I take the items up to the register with Dave in tow. He glances at the "stack" of clothes. They start scanning each item and it shows the sale price, discount, and price we are paying as each items is scanned. However, I could tell he wasn't impressed yet. The total came out to about $93. (Whew, kept it under $100 thinking that was great too.)
I was waiting for the sales person to hand me the receipt and to circle the amount saved. You know, like they always do at Kohl's.
The moment to impress the husband with how well I did. To my great disappointment, she didn't say a word. NOW WHAT?!?
Ta-da! Math again. My brain starts in high gear. How can I quickly figure this out before we get to the car? Otherwise it might be a very long drive. I begin quickly thinking.....
I just paid 30% (see Ann Taylor - the Purchase) of the total. I saved 70%. Well if $93 was 30%, I would add $93 + $93 + $31.
Here is a picture of what I did in my head.....(they call this addition using an open number line)
I saved $217!!! Wowy Zowy!
To take you back to your math class memories, your teacher might use an example like this to have you set up a proportion in order to solve this problem. Something that might have looked like this:
I know...you say I'd never do it that way. But that is an example a middle school textbook would have for that type of problem. That method does work great, but I believe when there is an easier way, find it. For that problem I would have needed, pencil, paper, and a calculator problem to tackle it that way.
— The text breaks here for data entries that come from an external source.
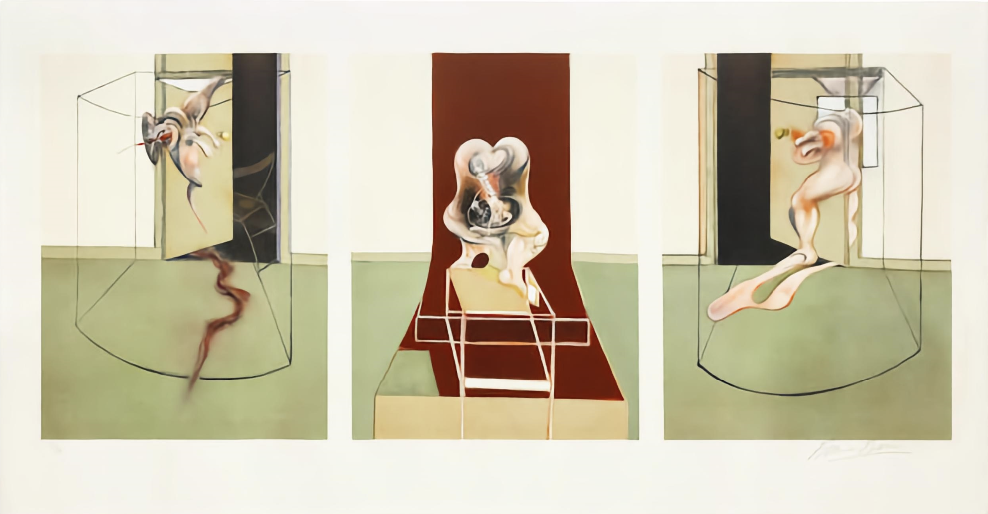 Three Lithographs in colours, on one sheet of Arches Infinity watermarked paper. Signed by the artist in pencil, with the printer's blindstamp, below left : ARTS.LITHO.PARIS. Triptych Inspired by Oresteia of Aeschylus (1981) de Francis Bacon est une lithographie troublante composée de trois panneaux reliés sur une même feuille. Inspirée de la tragédie grecque Orestie, elle évoque violence, mutation et souffrance psychique. Chaque figure, distordue à la manière typique de Bacon, est enfermée dans des structures géométriques vides. Le panneau central montre un corps déformé sur fond rouge sombre, encadré par des silhouettes énigmatiques sortant ou entrant par des portes sombres. Tirage limité à 150 exemplaires.
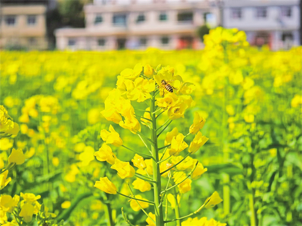 春暖花開,旬陽市仁河口鎮(zhèn)水泉坪千畝油菜花海競相綻放,慕名而來的游客們在觀光步道上觀光散步,三五伙伴一起拍照打卡、合唱民歌,欣賞高山出平川的獨特自然風(fēng)光。
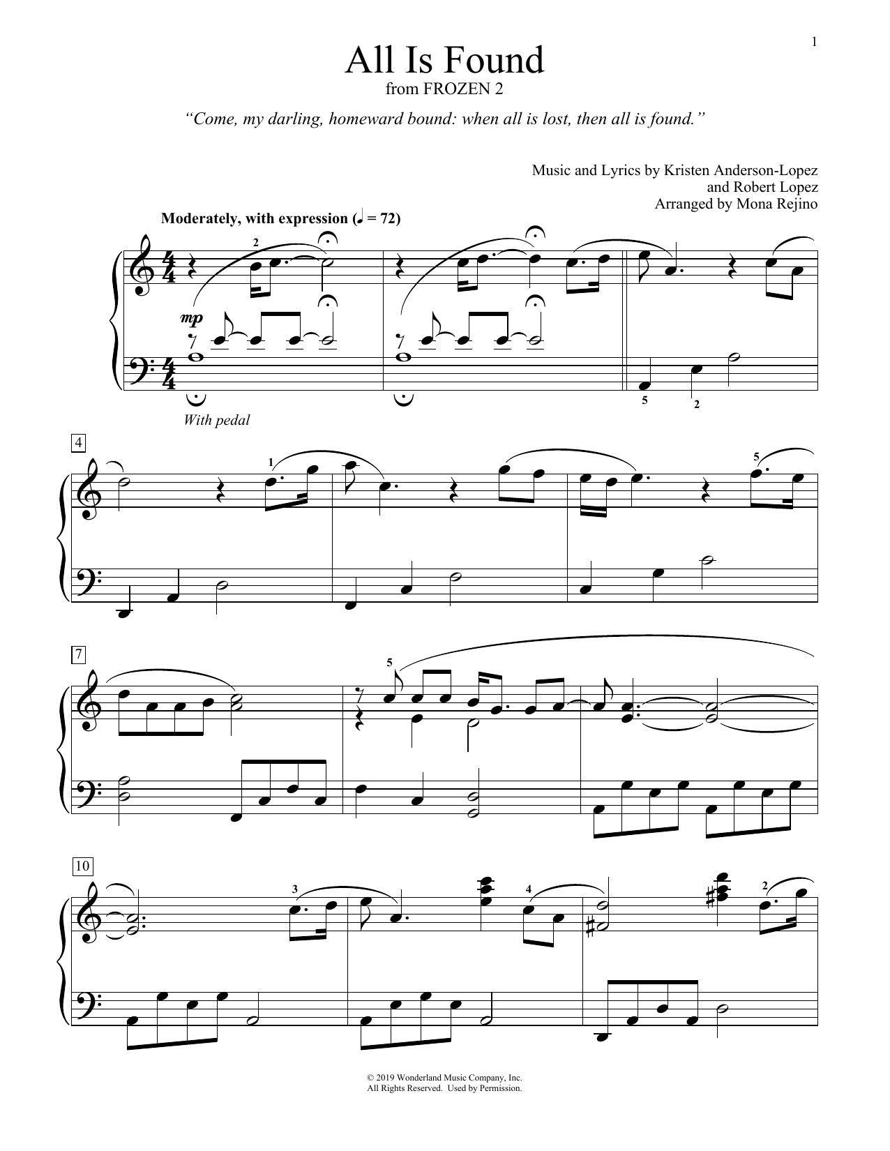 Download or print Evan Rachel Wood All Is Found (from Disney's Frozen 2) (arr. Mona Rejino) sheet music, chords and digital score arranged for Educational Piano. This Disney score includes 3 page(s).
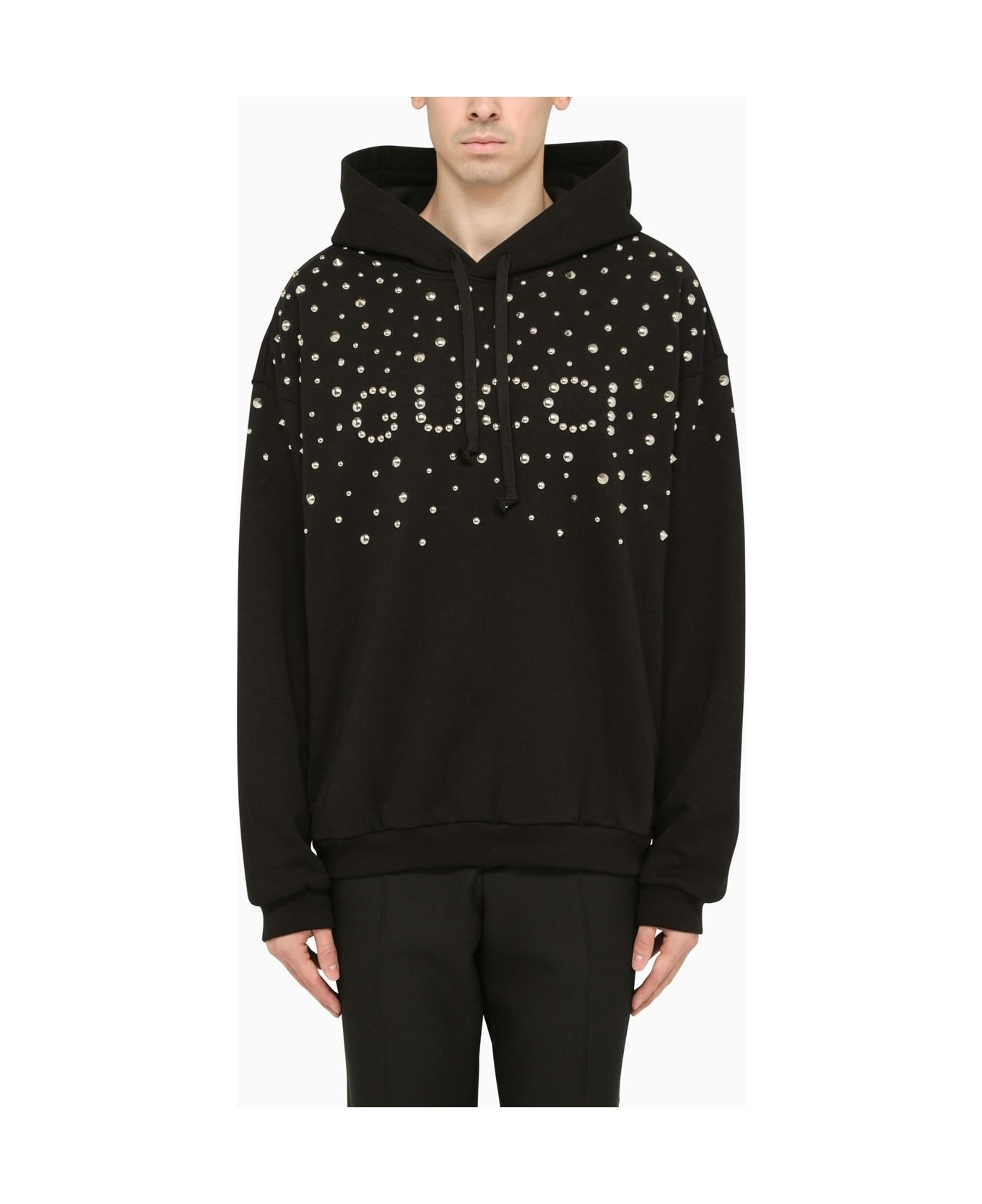 Black hoodie by Gucci in felted cotton defined by studded logo motif. Composition: 100% Cotton
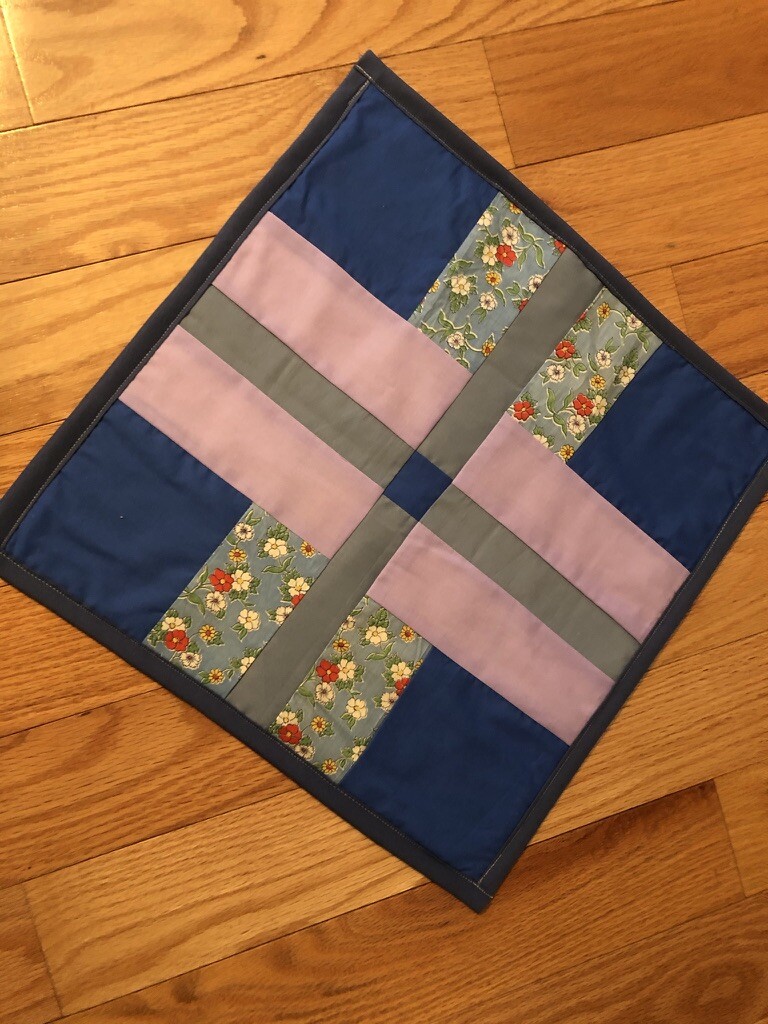 Quilted Table Topper/ Wall decoration blue, purple gray, 14.5 x 14.5 handmade
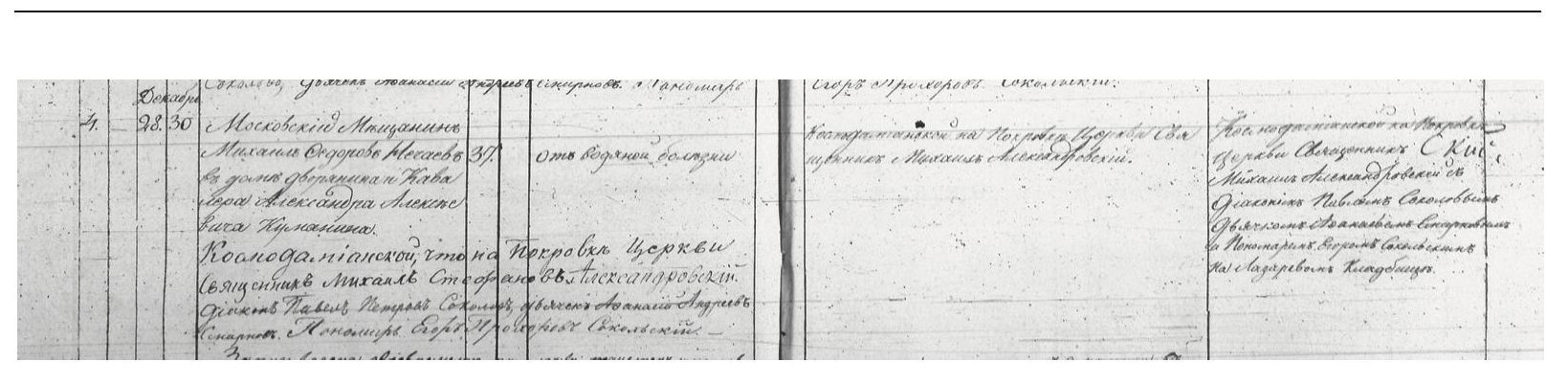162 Составители Хроники-2012, предположив, что в распоряжении Г. А. Федорова была «метрическая ведомость церквей Покровского [?] сорока», но, не обратившись к самому архивному документу, ошибочно назвали записи в консисторской книге «краткими сведениями о совершенных обрядах», противопоставив ей свой источник как «подлинную запись о бракосочетании» родителей Достоевского [Хроника: 94]. При сличении с воспроизводимым нами документом легко увидеть, что это не так.
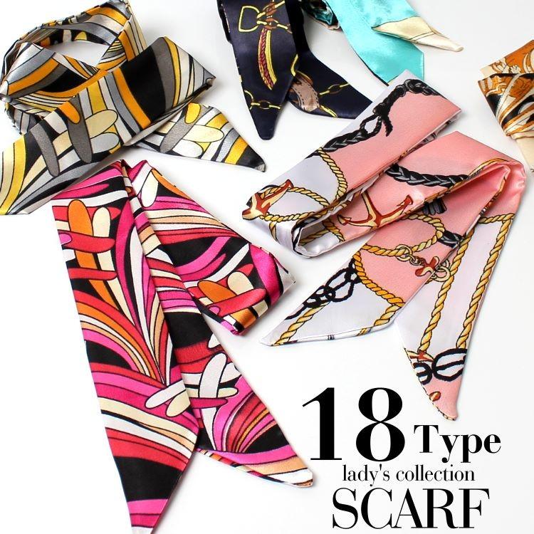 スカーフ レディース 18タイプ ツイリースカーフ サテン素材 チェーン

Not needed. FLEXIBILITY and FLUENCY. That's what we need for the I Love Math generation. People can do this stuff in their heads!
It doesn't end there.....
I frowned when I saw my husband wasn't quite impressed with the $217 savings. All the way home I was thinking about it. Then the smirk started coming across my face. DUH.... The $217 was off of the sale price. What kind of savings would be reflected off the original price? I couldn't wait to get home to add up the total prices (which were not on the receipt) and give him the even better news.
For that task, I did revert back to my high school math teacher ways and using a calculator, found my answer. I added up all the original costs, subtracted the amount I spent, and proudly announced I had saved $505 on this purchase. I added....that meant I only paid for less than 20% of the original cost of the clothing. IS THAT CORRECT? Time for you to do some math.....
For those impressive numbers I got the response, "That is great! How come they never have men's clothes on sale like that?" (I consider that a win!) To which I responded, "They do, but you have to go shopping to find great deals like that, silly."